4. Auditing, Compliance, and Resolution of Non-Compliance

Each department manager is primarily responsible for taking necessary measures to ensure compliance with the Information Security Policy and for overseeing the system.

The Information Security Management is responsible for the periodic auditing of compliance with all published policies, procedures, and standards—especially the main Information Security Policy—and for reporting to relevant parties.

Violations of the Information Security Policy may result in harm to Revotas due to the lack of necessary controls against risks, and may also lead to criminal liability under the new Turkish Penal Code, as well as liability for compensation of financial damages. Therefore, such violations are also breaches of the Personnel Regulations and may result in disciplinary sanctions.

Violations of the Information Security Policy detected through oversight, audit, or reporting may lead to disciplinary measures ranging up to termination of employment, and even legal and criminal proceedings.
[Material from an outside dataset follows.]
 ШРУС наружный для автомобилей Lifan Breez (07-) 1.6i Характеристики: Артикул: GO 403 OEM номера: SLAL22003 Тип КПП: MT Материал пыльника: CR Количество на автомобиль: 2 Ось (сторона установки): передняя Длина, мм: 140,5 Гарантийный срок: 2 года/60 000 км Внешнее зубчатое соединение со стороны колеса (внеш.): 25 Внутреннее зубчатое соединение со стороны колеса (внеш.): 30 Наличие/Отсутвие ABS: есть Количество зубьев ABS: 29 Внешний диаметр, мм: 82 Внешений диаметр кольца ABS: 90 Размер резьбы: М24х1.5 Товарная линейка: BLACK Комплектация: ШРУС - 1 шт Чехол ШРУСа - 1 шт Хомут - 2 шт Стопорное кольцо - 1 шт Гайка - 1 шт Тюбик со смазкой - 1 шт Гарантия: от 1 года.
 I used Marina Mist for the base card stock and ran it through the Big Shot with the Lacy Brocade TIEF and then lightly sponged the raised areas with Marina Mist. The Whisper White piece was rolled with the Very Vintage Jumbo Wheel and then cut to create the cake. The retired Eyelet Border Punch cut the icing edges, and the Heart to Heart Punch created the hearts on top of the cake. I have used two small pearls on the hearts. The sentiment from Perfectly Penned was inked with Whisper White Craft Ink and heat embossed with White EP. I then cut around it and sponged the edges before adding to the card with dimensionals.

Working together in the implementation of this policy will help ensure the continuous protection of our information and reputation, and the sustainability of our business success.
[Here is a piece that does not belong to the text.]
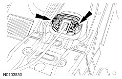 8. NOTE: When installing the selector lever cable, make sure that the selector lever cable locking tabs are locked in place and the selector lever cable end is snapped onto the ball stud. Press the selector lever cable into the selector lever cable bracket and listen for the selector lever cable to click in place. Pull back on the selector lever cable to make sure that it is locked into the selector lever cable bracket. Also make sure that the selector lever cable end is correctly installed onto the ball stud. Pull back on the selector lever cable end to make sure that the selector lever cable end is correctly installed.
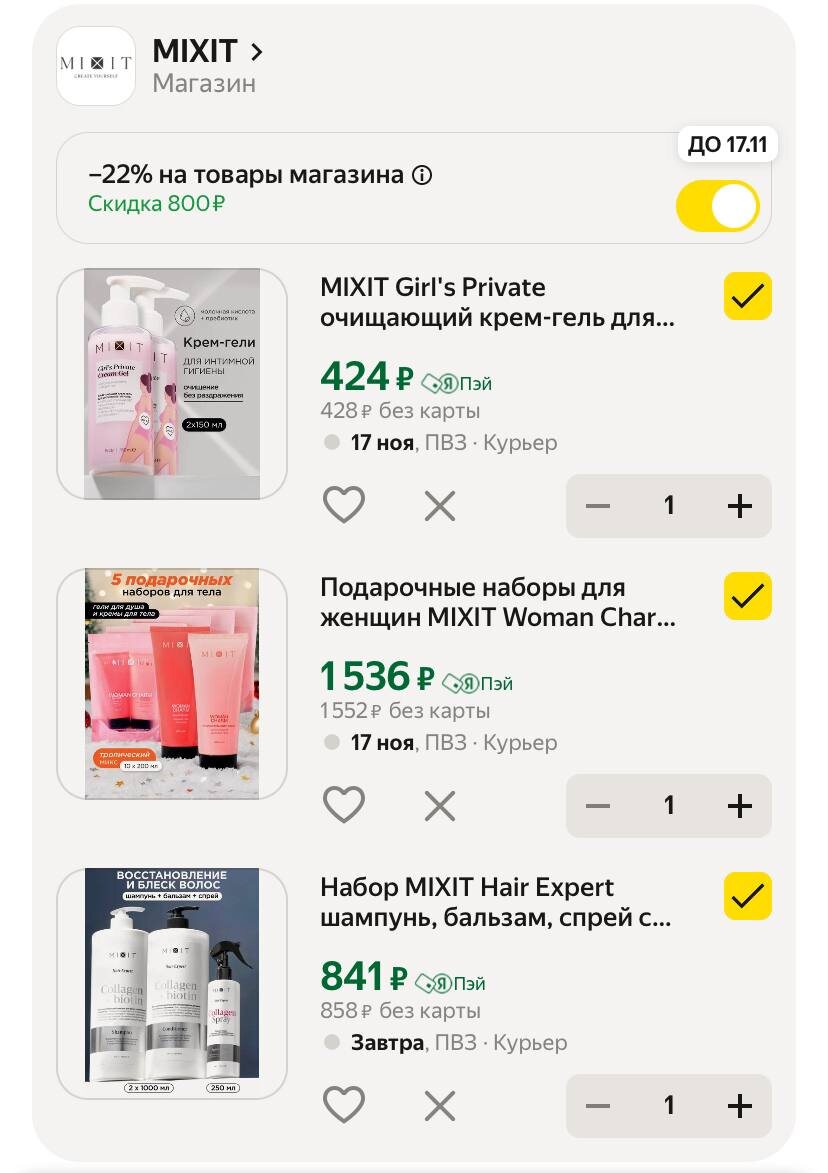 Скидка 22% на MIXIT по промокоду 4ZRNE1TB Набор MIXIT Hair Expert шампунь, бальзам, спрей с коллагеном и биотином для волос 841 ₽ | 1078 ₽ Подарочные наборы для женщин MIXIT Woman Charm, гель для душа и крем для тела, 5 шт 1536 ₽ | 1970 ₽ MIXIT Girl's Private очищающий крем-гель для интимной гигиены, 2 шт 424 ₽ | 543 ₽ Вся подборка тут 👉 ССЫЛКА ⭐️NORTME-41-AF - минус 2000₽ на один любой заказа от 8000₽ (для новых пользователей) ⭐️BER103-AF — минус 100₽ на один любой заказ от 5000₽ ✅ Подписаться 🔣 Бот с промокодами

5. Information Security Policy

Revotas Information Security aims to protect corporate reputation, reliability, and information assets, and to ensure that core and supporting business activities continue with minimal disruption.

To this end, Revotas is committed to:

  • Protecting the information assets processed, stored, and shared with other organizations, in line with the principles of confidentiality, integrity, and availability,

  • Managing information assets, determining their security values, needs, and risks, and implementing controls against security risks through a management system that is continuously improved,

  • Identifying continuous improvement needs and opportunities through risk assessments related to activities, in alignment with the organization’s vision and mission,

  • Following technological developments and changes within the scope of provided services,

  • Ensuring business continuity by reducing the impact of information security risks,

  • Complying with national and international regulations, legal and regulatory requirements, contractual obligations, and corporate responsibilities towards internal and external stakeholders,

  • Possessing the competence to respond quickly to information security incidents and minimize their impact,

  • Maintaining and improving the level of information security over time with a cost-effective control infrastructure,

  • Enhancing the organization’s reputation and protecting it against negative impacts stemming from information security risks,

  • Protecting personal data in line with the Personal Data Protection Law,

  • Conducting training to raise employees’ awareness and competencies on information security, providing the necessary support, and becoming a leading example in the industry by integrating with other management systems.